» **What you need to do**
Except for images, print the whole listing verbatim.

» **Information shown**
= = = = = = =
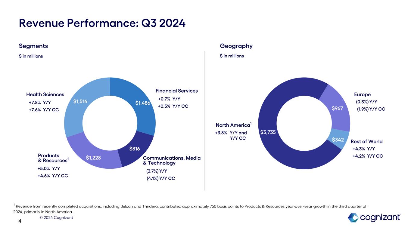 © 2024 Cognizant 3 $4,812 $4,886 $4,897 $4,758 $4,760 $4,850 $5,044 $1.11 $1.10 $1.16 $1.18 $1.12 $1.17 $1.25 Revenue Adjusted Diluted EPS Q1 '23 Q2 '23 Q3 '23 Q4 '23 Q1 '24 Q2 '24 Q3 '24 $ in millions except per share amounts Q1 '23 Q2 '23 Q3 '23 Q4 '23 Q1 '24 Q2 '24 Q3 '24 Revenue Y/Y (0.3%) (0.4%) 0.8% (1.7%) (1.1%) (0.7%) 3.0% Revenue Y/Y CC 1.5% (0.1%) (0.2%) (2.4%) (1.2%) (0.5%) 2.7% GAAP Operating Margin 14.6% 11.8% 14.0% 15.2% 14.6% 14.6% 14.6% Adjusted Operating Margin 14.6% 14.2% 15.5% 16.1% 15.1% 15.2% 15.3% GAAP Diluted EPS $1.14 $0.91 $1.04 $1.11 $1.10 $1.14 $1.17 Adjusted Diluted EPS $1.11 $1.10 $1.16 $1.18 $1.12 $1.17 $1.25 Revenue, Operating Margin and EPS 1
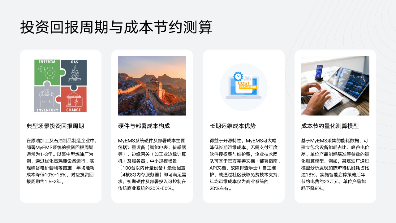 部署MyEMS系统在原油加工及石油制品制造企业中具有显著的投资回报优势。通常情况下,该系统的投资回报周期为1 - 3年。以某中型炼油厂为例,通过优化高耗能设备运行以及实现峰谷电价套利等有效措施,年均能耗成本能够降低10% - 15%,对应的投资回报周期约为1.5 - 2年,这充分体现了系统在成本节约方面的高效性。
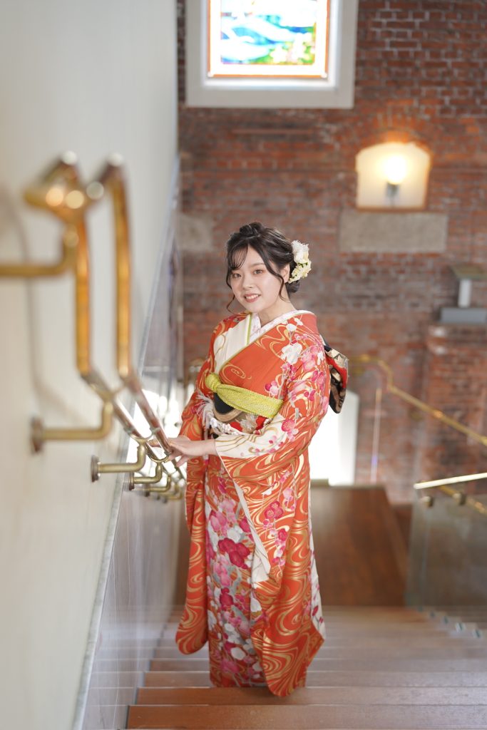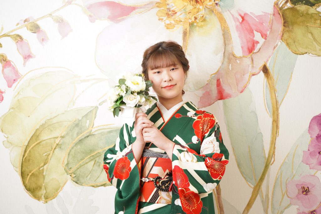 兵庫県丹波市、京都府舞鶴市に立地する「きもののほそみ」直営の写真館スタジオで、成人式の前撮り撮影をされたお客様のお写真です。 二十歳の晴れやかな喜びがあふれます。
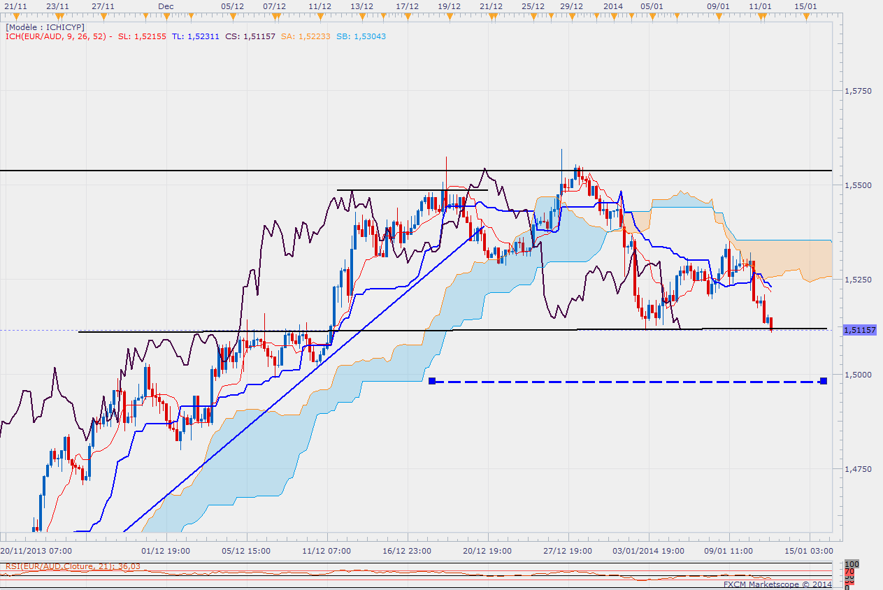 EURAUD H4, la cassure de la droite noire (à la baisse) est selon moi un possible signal de vente pour aller chercher la SSB (ligne en pointillés bleus) . N'oubliez pas que cassure c'est en clôture ! Sinon gare aux mèches !
= = = = = = =
» **Task solution**
 © 2024 Cognizant 3 $4,812 $4,886 $4,897 $4,758 $4,760 $4,850 $5,044 $1.11 $1.10 $1.16 $1.18 $1.12 $1.17 $1.25 Revenue Adjusted Diluted EPS Q1 '23 Q2 '23 Q3 '23 Q4 '23 Q1 '24 Q2 '24 Q3 '24 $ in millions except per share amounts Q1 '23 Q2 '23 Q3 '23 Q4 '23 Q1 '24 Q2 '24 Q3 '24 Revenue Y/Y (0.3%) (0.4%) 0.8% (1.7%) (1.1%) (0.7%) 3.0% Revenue Y/Y CC 1.5% (0.1%) (0.2%) (2.4%) (1.2%) (0.5%) 2.7% GAAP Operating Margin 14.6% 11.8% 14.0% 15.2% 14.6% 14.6% 14.6% Adjusted Operating Margin 14.6% 14.2% 15.5% 16.1% 15.1% 15.2% 15.3% GAAP Diluted EPS $1.14 $0.91 $1.04 $1.11 $1.10 $1.14 $1.17 Adjusted Diluted EPS $1.11 $1.10 $1.16 $1.18 $1.12 $1.17 $1.25 Revenue, Operating Margin and EPS 1
 部署MyEMS系统在原油加工及石油制品制造企业中具有显著的投资回报优势。通常情况下,该系统的投资回报周期为1 - 3年。以某中型炼油厂为例,通过优化高耗能设备运行以及实现峰谷电价套利等有效措施,年均能耗成本能够降低10% - 15%,对应的投资回报周期约为1.5 - 2年,这充分体现了系统在成本节约方面的高效性。
 兵庫県丹波市、京都府舞鶴市に立地する「きもののほそみ」直営の写真館スタジオで、成人式の前撮り撮影をされたお客様のお写真です。 二十歳の晴れやかな喜びがあふれます。
 EURAUD H4, la cassure de la droite noire (à la baisse) est selon moi un possible signal de vente pour aller chercher la SSB (ligne en pointillés bleus) . N'oubliez pas que cassure c'est en clôture ! Sinon gare aux mèches !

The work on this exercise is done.